The title refers to the one censored frame of the hobbyist film of the assassination that recorded the impact of the bullet on Kennedy’s head; the image itself is actually drawn from photographs of the subsequent autopsy. Those source images of the open head (which today can be found on the Internet, along with frame 313) may be shockingly gory but the painting is not: Like all Mathieu’s figurative work, photographic origins are lost in swirls of paint, as though the subject itself were melting.

The style is expressionistic and the point political: The Americans, who sowed violence in the Caribbean through their various Cold War interventions, had initially supported the regime of “Papa Doc” Duvalier.
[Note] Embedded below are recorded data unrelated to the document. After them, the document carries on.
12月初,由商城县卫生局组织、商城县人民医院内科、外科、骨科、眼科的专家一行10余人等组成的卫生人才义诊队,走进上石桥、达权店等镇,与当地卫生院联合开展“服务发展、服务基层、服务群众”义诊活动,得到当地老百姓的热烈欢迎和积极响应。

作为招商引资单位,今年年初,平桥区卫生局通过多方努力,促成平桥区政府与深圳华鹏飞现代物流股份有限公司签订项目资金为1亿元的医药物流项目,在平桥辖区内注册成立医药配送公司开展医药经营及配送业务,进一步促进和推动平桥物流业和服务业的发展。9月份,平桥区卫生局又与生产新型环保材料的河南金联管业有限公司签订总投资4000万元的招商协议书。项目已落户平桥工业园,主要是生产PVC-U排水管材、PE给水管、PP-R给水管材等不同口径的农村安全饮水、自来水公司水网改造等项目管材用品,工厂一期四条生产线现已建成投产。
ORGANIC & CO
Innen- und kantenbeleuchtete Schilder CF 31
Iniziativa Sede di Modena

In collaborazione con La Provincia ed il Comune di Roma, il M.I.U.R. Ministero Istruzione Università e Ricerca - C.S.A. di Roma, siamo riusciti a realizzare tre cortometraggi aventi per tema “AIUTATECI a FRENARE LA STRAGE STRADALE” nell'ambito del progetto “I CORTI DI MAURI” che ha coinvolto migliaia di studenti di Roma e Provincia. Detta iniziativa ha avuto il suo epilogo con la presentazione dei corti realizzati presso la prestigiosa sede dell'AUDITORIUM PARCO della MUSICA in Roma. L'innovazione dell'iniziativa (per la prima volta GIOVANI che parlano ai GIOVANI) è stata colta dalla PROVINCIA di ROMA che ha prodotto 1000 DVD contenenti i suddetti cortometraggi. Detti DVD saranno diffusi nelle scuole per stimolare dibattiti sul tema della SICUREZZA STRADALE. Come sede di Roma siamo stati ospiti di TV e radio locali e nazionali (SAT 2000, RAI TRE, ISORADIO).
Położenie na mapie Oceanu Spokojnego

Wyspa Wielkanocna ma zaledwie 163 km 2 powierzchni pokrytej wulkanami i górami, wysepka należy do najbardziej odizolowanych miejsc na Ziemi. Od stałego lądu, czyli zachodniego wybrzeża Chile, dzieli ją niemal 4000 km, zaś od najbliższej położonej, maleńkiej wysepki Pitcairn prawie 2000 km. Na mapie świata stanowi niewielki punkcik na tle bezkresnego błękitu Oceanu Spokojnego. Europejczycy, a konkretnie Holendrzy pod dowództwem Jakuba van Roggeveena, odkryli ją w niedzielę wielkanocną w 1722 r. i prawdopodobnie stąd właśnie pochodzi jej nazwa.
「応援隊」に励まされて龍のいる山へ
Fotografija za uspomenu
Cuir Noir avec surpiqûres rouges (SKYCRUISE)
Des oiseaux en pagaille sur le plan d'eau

By the time of the assassination, however, the relationship was so sour, the Haitian dictator was gleefully claiming that his Voodoo curse had killed the U.S. president. So here is the reality of global violence lying in its own blood as a fragmented world seems to pour out of Kennedy’s head.
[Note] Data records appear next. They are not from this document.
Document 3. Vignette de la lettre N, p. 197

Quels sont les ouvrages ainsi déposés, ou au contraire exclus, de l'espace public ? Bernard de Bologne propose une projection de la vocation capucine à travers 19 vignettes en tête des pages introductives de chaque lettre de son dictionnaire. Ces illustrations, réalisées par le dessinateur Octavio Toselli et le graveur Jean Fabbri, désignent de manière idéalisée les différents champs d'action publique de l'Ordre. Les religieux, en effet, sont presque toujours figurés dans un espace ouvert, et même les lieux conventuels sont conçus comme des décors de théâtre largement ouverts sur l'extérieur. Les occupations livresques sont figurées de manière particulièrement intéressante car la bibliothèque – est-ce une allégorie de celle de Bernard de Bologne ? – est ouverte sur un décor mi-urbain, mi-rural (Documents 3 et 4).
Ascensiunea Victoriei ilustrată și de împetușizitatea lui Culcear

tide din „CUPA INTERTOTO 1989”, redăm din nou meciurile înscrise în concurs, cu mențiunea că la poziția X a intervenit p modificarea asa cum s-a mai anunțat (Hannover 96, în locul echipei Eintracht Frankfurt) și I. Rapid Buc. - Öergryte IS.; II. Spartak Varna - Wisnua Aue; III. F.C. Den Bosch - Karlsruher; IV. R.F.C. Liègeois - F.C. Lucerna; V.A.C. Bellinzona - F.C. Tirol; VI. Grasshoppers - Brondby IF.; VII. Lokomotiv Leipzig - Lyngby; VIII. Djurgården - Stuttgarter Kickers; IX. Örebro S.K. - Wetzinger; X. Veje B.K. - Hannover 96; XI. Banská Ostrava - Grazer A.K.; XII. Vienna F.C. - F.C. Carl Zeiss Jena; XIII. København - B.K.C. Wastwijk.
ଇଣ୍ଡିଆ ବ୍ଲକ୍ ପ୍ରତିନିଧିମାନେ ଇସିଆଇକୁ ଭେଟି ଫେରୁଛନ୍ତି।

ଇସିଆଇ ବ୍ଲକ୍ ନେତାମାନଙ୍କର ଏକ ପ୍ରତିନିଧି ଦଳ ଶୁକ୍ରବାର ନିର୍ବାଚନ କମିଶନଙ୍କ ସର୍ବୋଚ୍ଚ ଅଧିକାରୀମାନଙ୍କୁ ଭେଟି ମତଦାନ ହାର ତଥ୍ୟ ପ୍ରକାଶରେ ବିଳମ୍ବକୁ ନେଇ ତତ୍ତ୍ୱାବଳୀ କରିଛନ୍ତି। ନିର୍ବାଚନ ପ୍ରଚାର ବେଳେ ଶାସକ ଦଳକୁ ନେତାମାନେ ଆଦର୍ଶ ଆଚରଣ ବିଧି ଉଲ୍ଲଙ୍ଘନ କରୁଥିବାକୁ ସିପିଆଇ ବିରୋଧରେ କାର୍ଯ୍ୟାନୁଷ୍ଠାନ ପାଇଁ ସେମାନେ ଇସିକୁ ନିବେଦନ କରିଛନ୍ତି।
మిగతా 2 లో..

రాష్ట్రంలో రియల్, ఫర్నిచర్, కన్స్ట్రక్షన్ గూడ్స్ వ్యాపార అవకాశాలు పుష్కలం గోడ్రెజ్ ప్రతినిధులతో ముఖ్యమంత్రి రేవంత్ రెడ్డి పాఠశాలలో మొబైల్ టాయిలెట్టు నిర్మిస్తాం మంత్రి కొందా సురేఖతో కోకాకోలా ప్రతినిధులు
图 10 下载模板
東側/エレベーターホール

“I liked the idea we could be inside Kennedy’s brain: No one knows what happened,” Mathieu said, referring to the mysteries that still swirl around the assassination.

At the Power Plant, curator Amin Alsaden surrounds JFK with Mathieu’s portraits of figures from Haitian history, including Duvalier’s wife and his daughter-in-law Michèle Bennett. In Mathieu’s hands, Bennett, whose notorious wedding cost millions as many Haitians starved, becomes monstrous, an alien-like figure with blue skin and an armoured head. At a time when the world wrestles with the legacy of racism, Haiti’s history is crucial to Mathieu’s approach: It is the only country ever established by a slave revolt and was the first to abolish slavery. So Zapruder/313 and its company pull Haiti into the centre of geopolitics.
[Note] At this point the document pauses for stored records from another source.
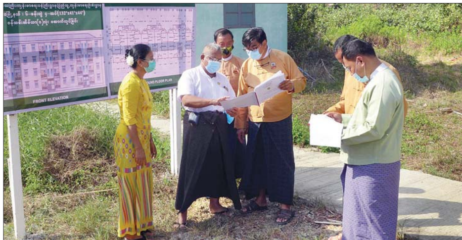
ဝန်ထမ်းအိမ်ရာ တည်ဆောက်ရေးအတွက် ပုံစံငယ်ကို ရှင်းလင်းတင်ပြစဉ်။

ရန်ကုန် မေ ၁၀ ရန်ကုန်တိုင်းဒေသကြီး ဒလမြို့နယ် ပြည်သူ့ဆေးရုံ၌ ၂၀၁၈-၂၀၁၉ ဘဏ္ဍာနှစ်တွင် တည်ဆောက်လျက်ရှိသည့် လေးခန်းတွဲ လေးထပ် ဝန်ထမ်းအိမ်ရာ အဆောက်အအုံသစ် တည်ဆောက်မှု ၉၀ ရာခိုင်နှုန်းဆောင်ရွက်ပြီးစီး လျက်ရှိပြီး ၂၀၁၉-၂၀၂၀ ဘဏ္ဍာနှစ် ခြောက်ခန်းတွဲ လေးထပ်ဝန်ထမ်း အိမ်ရာတစ်လုံး အသစ်ထပ်မံ တည်ဆောက်ရေးအတွက် ပန္နက်တင် မင်္ဂလာအခမ်းအနားကို ယမန်နေ့က အဆိုပါ ဆေးရုံဝင်းအတွင်း ကျင်းပ သည်။
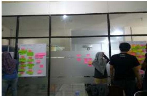
Gambar 6. Tahapan Decide (Putuskan)

Tahapan yang ketiga adalah tahap decide (memutuskan). Tujuan utama tahap ini adalah memutuskan mana masalah utama yang dihadapi petani dan mana solusi utama yang dirumuskan oleh tim. Untuk selanjutnya, hasil keputusan permasalahan dan solusi utama inilah yang akan dieksekusi menjadi prototype produk startup. Gambar 6 ini menunjukkan proses memutuskan masalah terbanyak dan solusi utamanya.
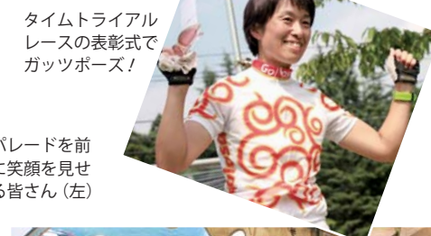
タイムトライアルレースの表彰式でガッツポーズ！
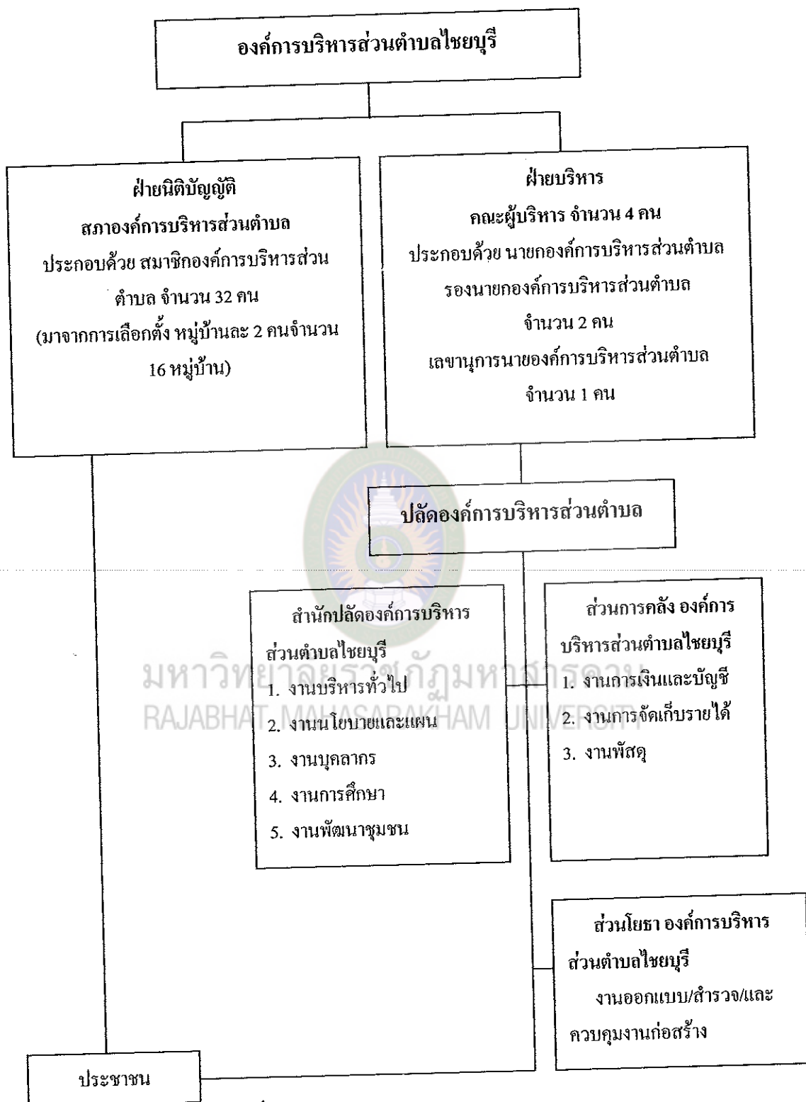
แผนภาพที่ 1 แสดงโครงสร้างและการแบ่งส่วนราชการองค์การบริหารส่วนตำบลไชยบุรี

Born the year Duvalier’s son “Baby Doc” was ousted, Mathieu grew up in a family where the genocidal dictatorship and the divisions it created or exploited in Haitian society still cast a long shadow. His maternal grandfather was an army officer in the early Duvalier years but his father’s family included several members who were disappeared by the regime.

“The way we understand ourselves is tainted by that: My parents grew up in a world where you could die if you said what you thought,” he said. “My generation is the first generation of adults who came out of the dictatorship and we are now mature enough to take the lead.”

This is not simply about remembering the Duvaliers' brutality: “It’s important not to only point to the atrocities; if you only look at the atrocities you miss the complexities,” he said, mentioning both the racial tensions between black and mulatto communities in Haiti, and the role of Voodoo -- which Duvalier exploited for his own ends -- as an expression of spirituality.

Mathieu, who is trilingual in French, Haitian Creole and English, left Haiti at 19 to join his grandmother and other relatives in the suburbs of Montreal. His parents are professionals – his mother now lives in Montreal; his father remains in Haiti – but nobody in his family was convinced that becoming a visual artist was a good idea. So, he took a program in marketing before beginning his degree in fine arts at the University of Quebec at Montreal (UQAM), and it seems to have served him well.

“It took me a while to get there; there were a lot of expectations, false directions,” he said of his path through the art world, discussing a 2012 painting where he shows himself as truncated torso trapped in a pit-like white void. Yet despite the setback of his accident and his struggles to find his place, he has moved rapidly into commercial galleries and has never bothered to parse the paperwork required to get government grants.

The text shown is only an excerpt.